Конечно, наверняка есть и отличные частные клиники. Однако я уже трижды по просьбе близких участвовал в извлечении своих доверителей из частных клиник, где лечили плохо и дорого одновременно. А сопротивлялись выписке именно из-за того, что «дорого».

Вот мы и дошли до темы, обозначенной в заголовке статьи.

Валеру выписали из больницы через три недели.

Вялого, покорного судьбе, устающего чуть ли не с утра.

Это – следствие как психотического эпизода, так и мощных антипсихотиков, которыми «тушили» пожар приступа.

Борцы с нейролептиками справедливо указывают на их побочные эффекты. Но, как правило, не учитывают, насколько опасны сами психотические эпизоды, пережитые без лечения.

Во-первых, они могут и не закончиться.

Во-вторых, во время психоза человек в прямом, юридическом, смысле слова невменяем (ему не могут вменить в вину то, что он натворит). И не имеет значения, что до приступа он был очень добр. Он и в приступе может быть добр. Но, потеряв чувство реальности, примется, например, спасать близких от «нечистой силы». А та может «вселиться» в любое тело, выбранное сошедшей с реальных рельсов психикой.
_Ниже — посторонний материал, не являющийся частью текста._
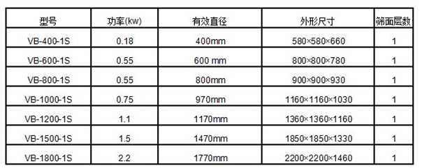 VB三次元加緣式振動(dòng)篩技術(shù)參數(shù):
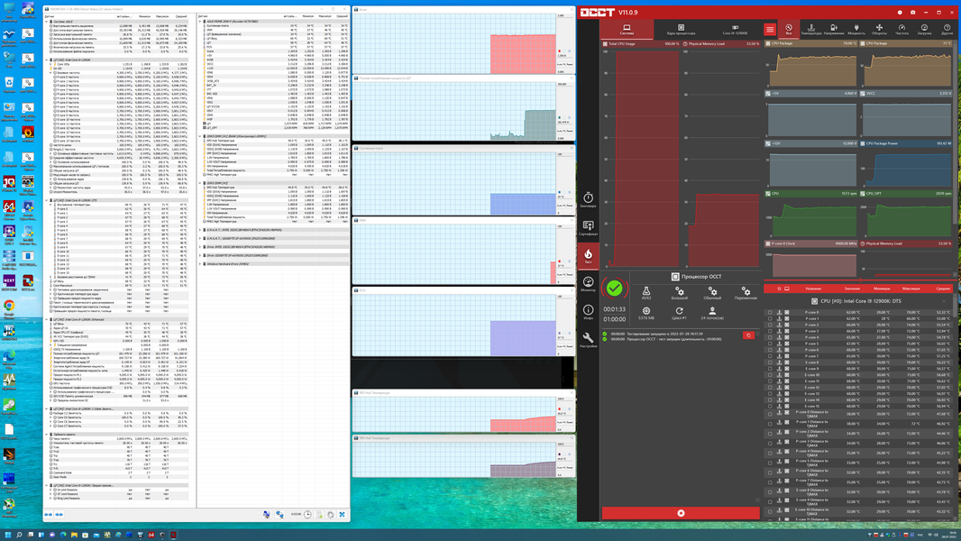 Ну что же, снова мы видим очень хороший авторазгон на прежнем уровне: 4,9 ГГц по всем Р-ядрам и 3,7 ГГц по всем Е-ядрам. То есть программная система Turbo Boost, определив мощное питание, выставила очень высокие частоты работы.
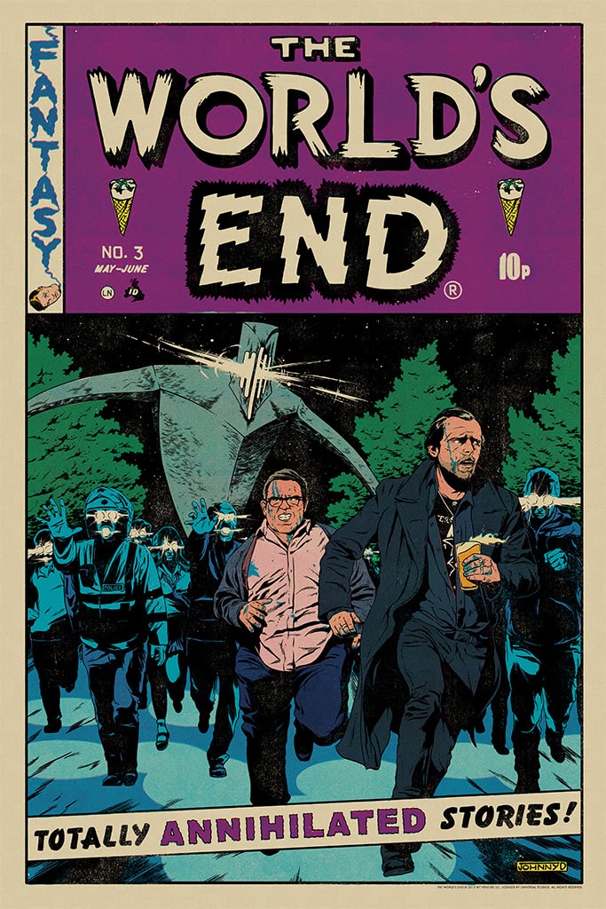 Today we have an excellent set of posters based on Edgar Wright's Cornetto Trilogy by Johnny Dombrowski! We're continually blown away by Johnny's illustrative prowess and his note-perfect interpretations of modern films as classic comic book covers. As iconic genre staples, SHAUN OF THE DEAD (horror), HOT FUZZ (crime), and THE WORLD'S END (fantasy) lend themselves beautifully to EC-inspired comic cover treatment.

Кстати, в психозе человек часто в гипертрофированном виде представляет себе то, чем увлекался в нормальном состоянии.

Наконец, в психозе человек представляет крайнюю опасность прежде всего для самого себя. Ему плохо, ему страшно (или, наоборот, он повелевает миром в мании), и это не каждый способен вытерпеть.

Короче, если уж психоз произошел – не надо дискутировать о вреде и пользе антипсихотиков. Их надо по назначению врача применять.

Итак, Валера дома.

Сначала он посещал дневной стационар в психоневрологическом диспансере. (Некоторые из других прототипов были лишены такой поддержки из-за того, что их близкие пытались скрыть факт болезни).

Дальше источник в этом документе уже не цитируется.